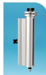
12 oz (300 mL) T14085
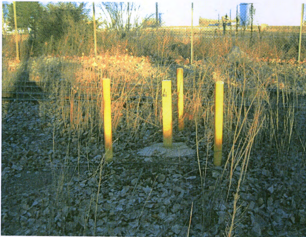
Photograph 33 – MW-25 before plugging. J. Knightly, 1/14/14.
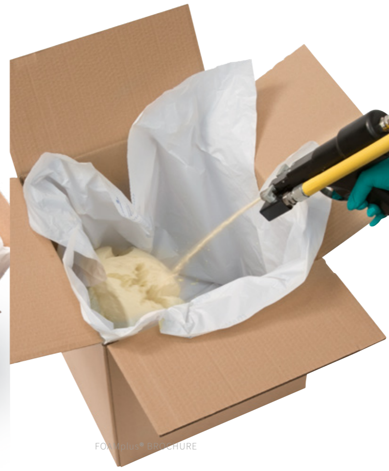
FOAMplus® Direct Injection
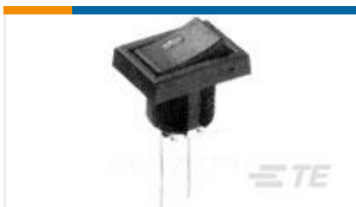
TE Part #4-1437595-1 TRD11D10WL=SPDT ROCKER BLACK
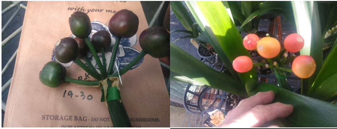
Both are EUROPEAN PEACH – left flowered pink and right flowered peach in 2019

Just goes to demonstrate that the berry colour does not always indicate the flower colour. In the case of the left-hand berry above, the dominant berry skin pigment appears to be pelargonidin-3-rutinic acid or scarlet. If you dilute scarlet you end up with a soft baby pink. Interesting!

*Problem description*: Starting at the line that contains "FOAMplus® Direct Injection", please write out every line to the end of the entries, inclusive, copied exactly and with pictures omitted.

*Result for this task*:
FOAMplus® Direct Injection
TE Part #4-1437595-1 TRD11D10WL=SPDT ROCKER BLACK
Both are EUROPEAN PEACH – left flowered pink and right flowered peach in 2019

Just goes to demonstrate that the berry colour does not always indicate the flower colour. In the case of the left-hand berry above, the dominant berry skin pigment appears to be pelargonidin-3-rutinic acid or scarlet. If you dilute scarlet you end up with a soft baby pink. Interesting!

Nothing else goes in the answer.